> _Information shown_:
__________________________________________________
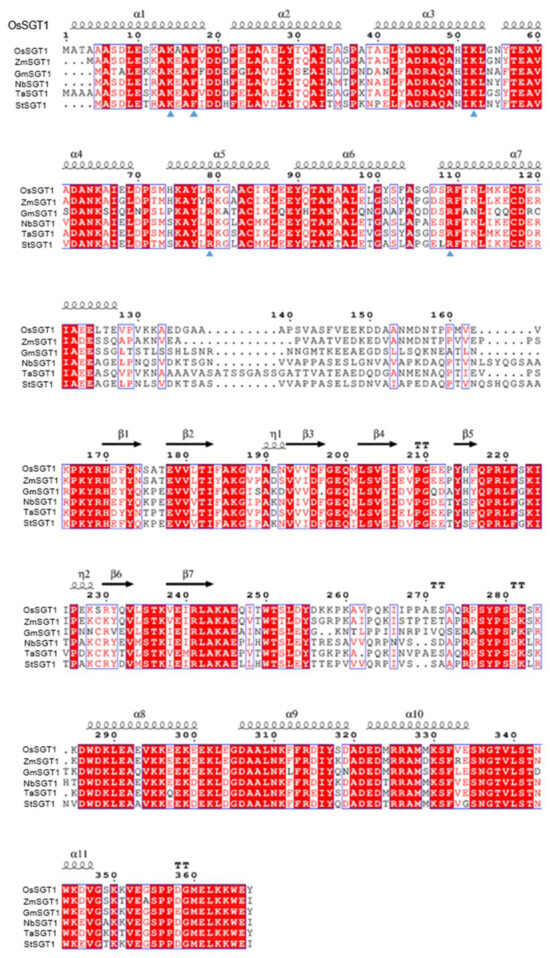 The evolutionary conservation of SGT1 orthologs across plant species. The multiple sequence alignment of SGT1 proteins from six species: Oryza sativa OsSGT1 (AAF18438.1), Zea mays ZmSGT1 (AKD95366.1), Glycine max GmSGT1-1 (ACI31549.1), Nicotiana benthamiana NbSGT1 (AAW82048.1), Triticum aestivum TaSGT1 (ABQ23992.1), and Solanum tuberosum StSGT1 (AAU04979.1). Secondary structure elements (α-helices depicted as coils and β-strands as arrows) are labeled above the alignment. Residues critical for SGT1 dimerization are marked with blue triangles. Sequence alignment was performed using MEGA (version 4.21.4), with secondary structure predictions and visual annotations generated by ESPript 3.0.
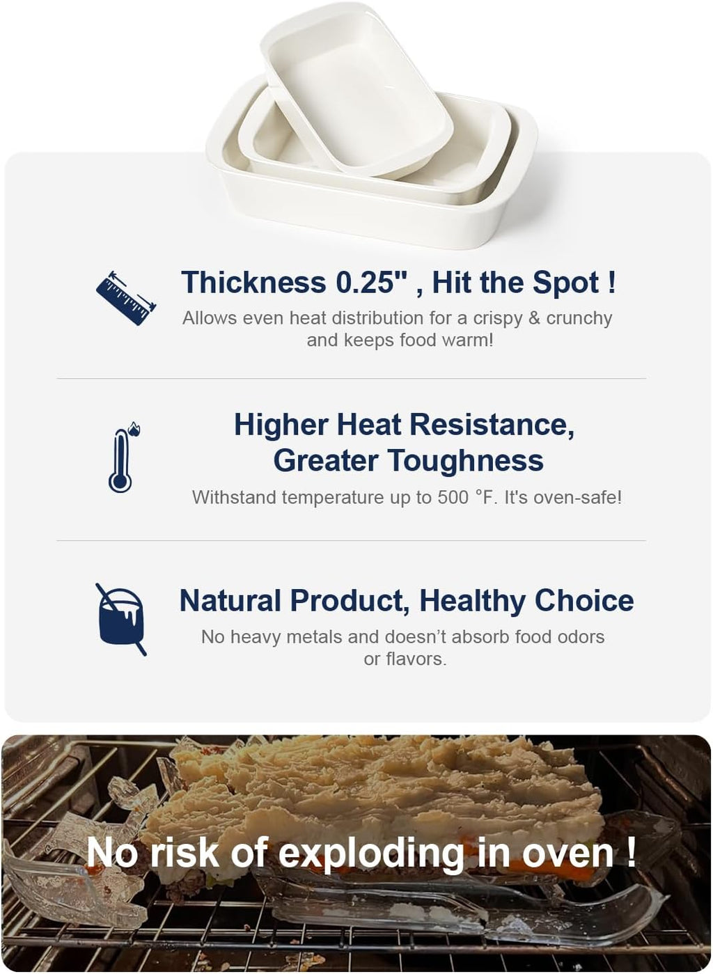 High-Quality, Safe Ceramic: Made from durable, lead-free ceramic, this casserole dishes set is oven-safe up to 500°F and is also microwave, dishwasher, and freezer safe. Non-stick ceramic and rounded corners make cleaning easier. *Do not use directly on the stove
__________________________________________________
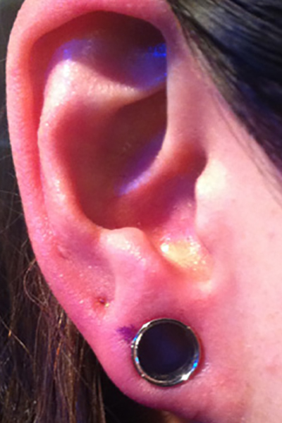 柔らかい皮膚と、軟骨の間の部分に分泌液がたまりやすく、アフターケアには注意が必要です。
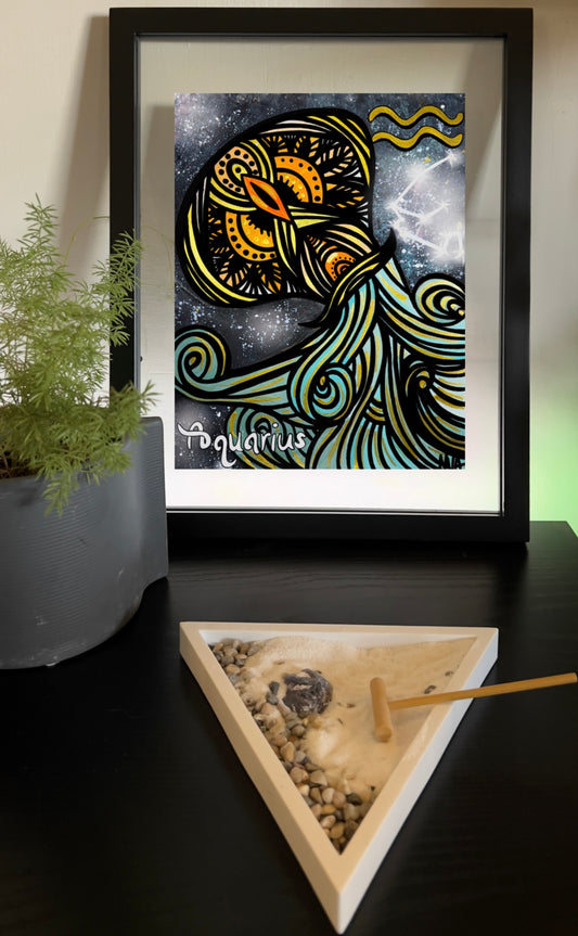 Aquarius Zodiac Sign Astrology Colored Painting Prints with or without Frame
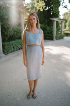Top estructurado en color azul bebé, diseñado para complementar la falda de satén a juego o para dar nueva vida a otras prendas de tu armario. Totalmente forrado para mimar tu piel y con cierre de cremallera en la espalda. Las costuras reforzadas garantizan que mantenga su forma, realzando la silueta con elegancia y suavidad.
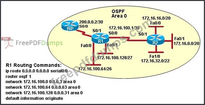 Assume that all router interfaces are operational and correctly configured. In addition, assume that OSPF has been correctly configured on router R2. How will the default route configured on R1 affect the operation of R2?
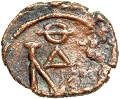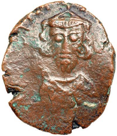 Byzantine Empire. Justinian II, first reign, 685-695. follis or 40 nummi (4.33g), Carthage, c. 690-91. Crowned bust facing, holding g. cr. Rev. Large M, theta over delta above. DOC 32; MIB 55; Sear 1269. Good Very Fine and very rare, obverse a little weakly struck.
__________________________________________________
> _Activity_: Within the listing above, the lines from the one with "Assume that all" through the one with "Byzantine Empire. Justinian" are to be given again word for word. Do not include pictures.

> _Task response_:
 Assume that all router interfaces are operational and correctly configured. In addition, assume that OSPF has been correctly configured on router R2. How will the default route configured on R1 affect the operation of R2?
 Byzantine Empire. Justinian II, first reign, 685-695. follis or 40 nummi (4.33g), Carthage, c. 690-91. Crowned bust facing, holding g. cr. Rev. Large M, theta over delta above. DOC 32; MIB 55; Sear 1269. Good Very Fine and very rare, obverse a little weakly struck.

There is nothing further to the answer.